**Exercise goal:**
As the output, give exactly the lines that run from the one with "一對情侶在希臘聖托里尼欣賞浪漫的日落" through the end of the records below, and omit pictures.
Segment Open
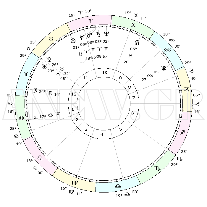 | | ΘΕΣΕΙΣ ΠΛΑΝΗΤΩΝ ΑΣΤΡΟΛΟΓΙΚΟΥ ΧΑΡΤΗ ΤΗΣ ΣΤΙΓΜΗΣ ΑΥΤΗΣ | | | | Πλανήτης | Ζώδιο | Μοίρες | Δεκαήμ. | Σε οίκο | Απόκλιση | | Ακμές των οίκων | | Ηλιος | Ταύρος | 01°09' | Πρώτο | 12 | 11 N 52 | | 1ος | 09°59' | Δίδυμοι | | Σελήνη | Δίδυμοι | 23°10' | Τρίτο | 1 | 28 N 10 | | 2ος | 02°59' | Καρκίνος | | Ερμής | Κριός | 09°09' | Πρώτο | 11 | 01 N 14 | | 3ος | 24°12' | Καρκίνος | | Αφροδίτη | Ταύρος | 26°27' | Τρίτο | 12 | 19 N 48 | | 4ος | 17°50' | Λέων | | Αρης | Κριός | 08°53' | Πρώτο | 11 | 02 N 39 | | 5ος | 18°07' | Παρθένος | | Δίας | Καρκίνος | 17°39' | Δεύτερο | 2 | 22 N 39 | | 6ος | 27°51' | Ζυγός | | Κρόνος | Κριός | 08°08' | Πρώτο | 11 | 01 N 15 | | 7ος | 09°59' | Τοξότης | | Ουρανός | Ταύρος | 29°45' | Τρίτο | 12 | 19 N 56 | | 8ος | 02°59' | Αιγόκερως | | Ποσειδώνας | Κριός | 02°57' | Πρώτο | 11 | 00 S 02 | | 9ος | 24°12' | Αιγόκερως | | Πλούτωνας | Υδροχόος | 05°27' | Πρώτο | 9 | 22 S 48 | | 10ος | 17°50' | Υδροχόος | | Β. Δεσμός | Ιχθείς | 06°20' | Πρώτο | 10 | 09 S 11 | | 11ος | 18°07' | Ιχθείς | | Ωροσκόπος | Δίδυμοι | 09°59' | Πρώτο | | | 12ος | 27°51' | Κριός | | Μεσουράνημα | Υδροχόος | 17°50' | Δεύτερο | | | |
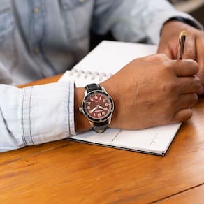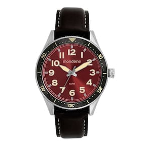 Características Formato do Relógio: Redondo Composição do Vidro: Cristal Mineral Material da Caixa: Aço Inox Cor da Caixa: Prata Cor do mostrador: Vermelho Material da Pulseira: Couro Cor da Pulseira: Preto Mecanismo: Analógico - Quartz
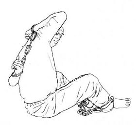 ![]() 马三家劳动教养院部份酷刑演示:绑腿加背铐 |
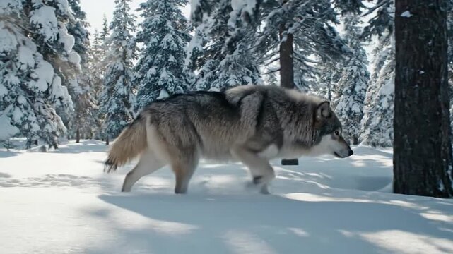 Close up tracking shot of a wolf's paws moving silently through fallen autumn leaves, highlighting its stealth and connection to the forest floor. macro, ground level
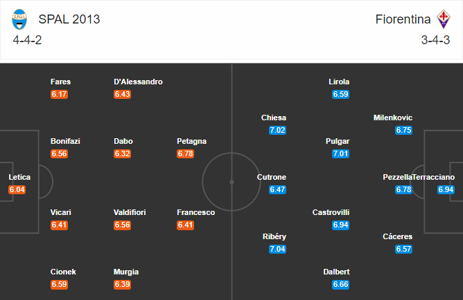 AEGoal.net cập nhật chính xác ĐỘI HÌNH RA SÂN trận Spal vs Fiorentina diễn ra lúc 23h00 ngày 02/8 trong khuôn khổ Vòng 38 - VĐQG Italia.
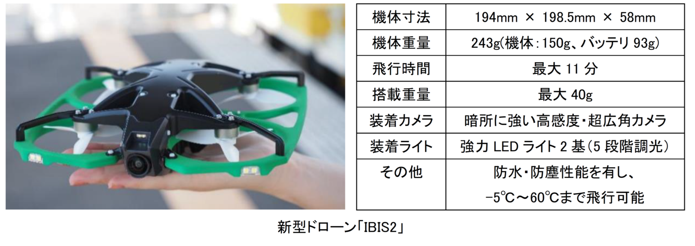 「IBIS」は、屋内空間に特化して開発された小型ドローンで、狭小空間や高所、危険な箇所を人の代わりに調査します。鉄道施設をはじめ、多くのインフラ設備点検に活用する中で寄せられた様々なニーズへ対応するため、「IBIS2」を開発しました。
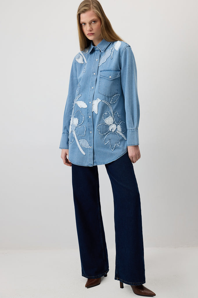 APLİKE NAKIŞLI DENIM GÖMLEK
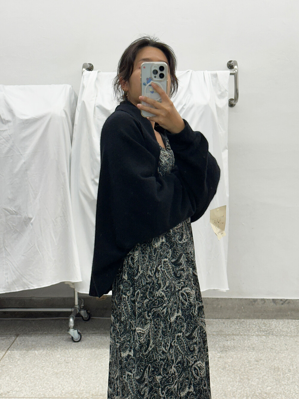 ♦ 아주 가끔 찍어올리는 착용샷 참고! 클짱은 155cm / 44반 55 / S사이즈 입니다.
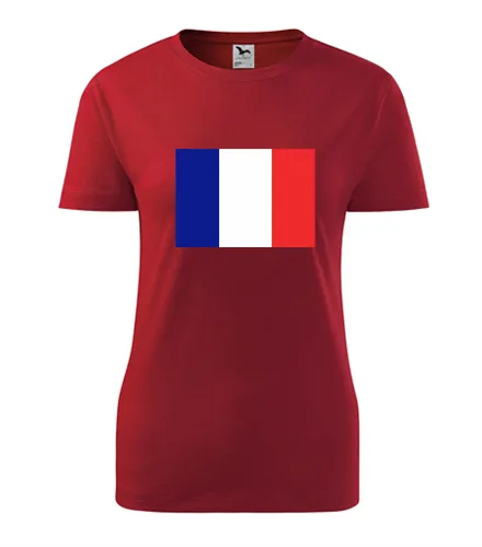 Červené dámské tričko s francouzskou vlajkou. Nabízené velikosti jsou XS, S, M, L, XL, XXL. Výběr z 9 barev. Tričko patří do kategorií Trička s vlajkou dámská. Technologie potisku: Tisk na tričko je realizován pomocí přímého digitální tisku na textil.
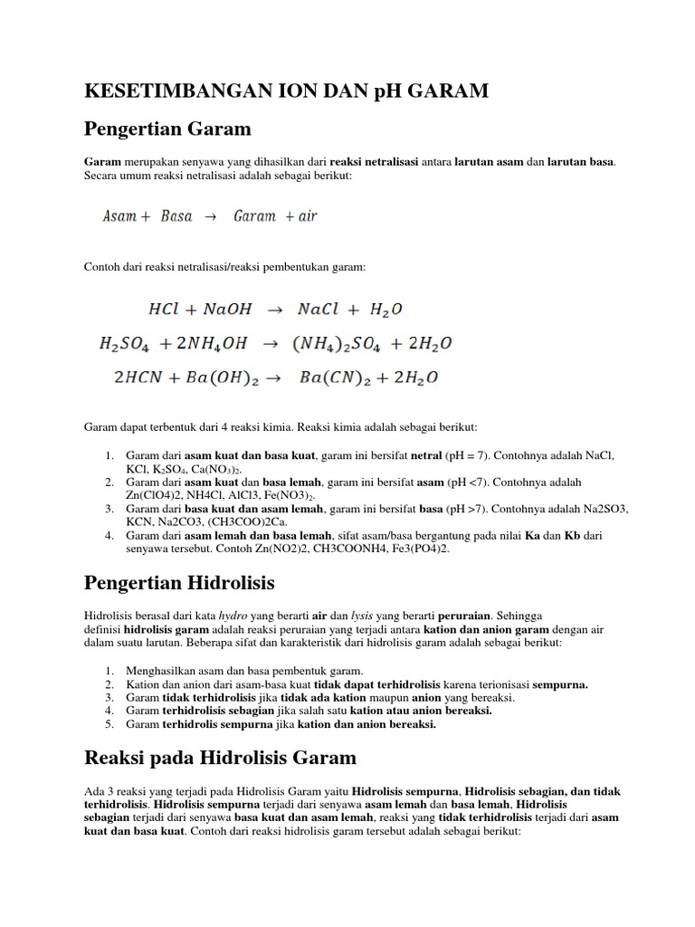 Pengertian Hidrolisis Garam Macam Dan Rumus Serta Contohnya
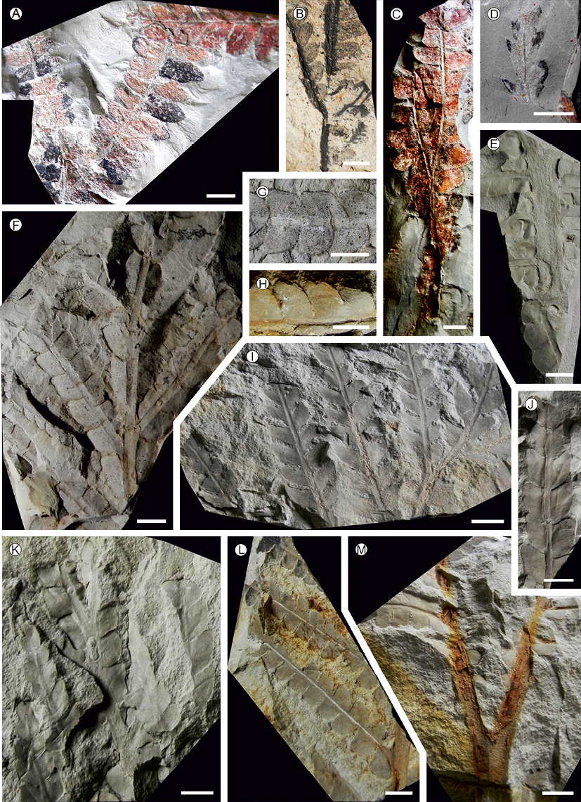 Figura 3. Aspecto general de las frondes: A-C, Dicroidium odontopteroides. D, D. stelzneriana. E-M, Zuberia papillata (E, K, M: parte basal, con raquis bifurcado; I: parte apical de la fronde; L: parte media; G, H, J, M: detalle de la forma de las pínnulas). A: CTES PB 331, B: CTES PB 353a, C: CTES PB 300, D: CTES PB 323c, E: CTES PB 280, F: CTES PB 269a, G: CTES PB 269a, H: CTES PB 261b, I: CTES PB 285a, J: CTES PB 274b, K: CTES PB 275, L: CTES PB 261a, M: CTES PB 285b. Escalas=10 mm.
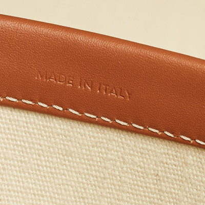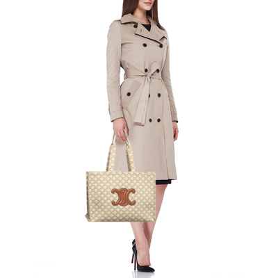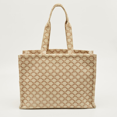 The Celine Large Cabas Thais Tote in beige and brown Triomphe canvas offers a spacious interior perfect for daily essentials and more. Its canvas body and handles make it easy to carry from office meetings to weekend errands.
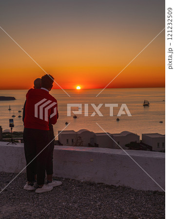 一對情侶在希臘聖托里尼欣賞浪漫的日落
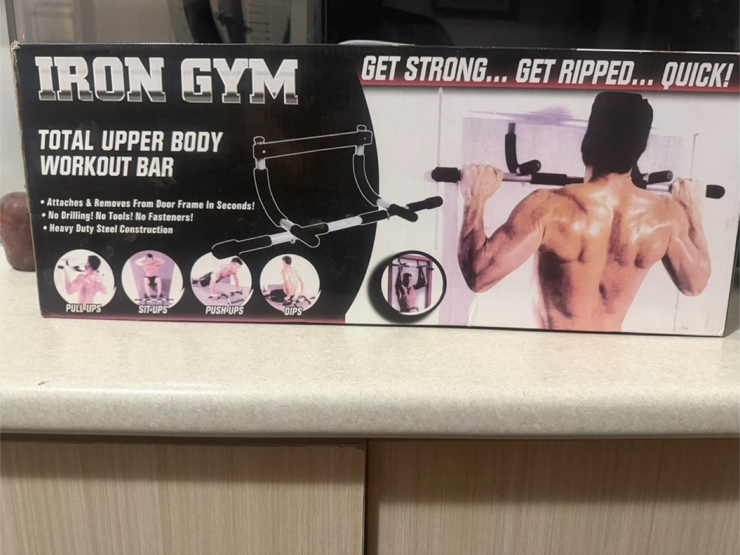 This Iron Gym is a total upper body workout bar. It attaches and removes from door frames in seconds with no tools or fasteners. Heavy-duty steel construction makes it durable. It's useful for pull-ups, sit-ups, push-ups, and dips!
Segment Closed
**Task answer:**
 一對情侶在希臘聖托里尼欣賞浪漫的日落
 This Iron Gym is a total upper body workout bar. It attaches and removes from door frames in seconds with no tools or fasteners. Heavy-duty steel construction makes it durable. It's useful for pull-ups, sit-ups, push-ups, and dips!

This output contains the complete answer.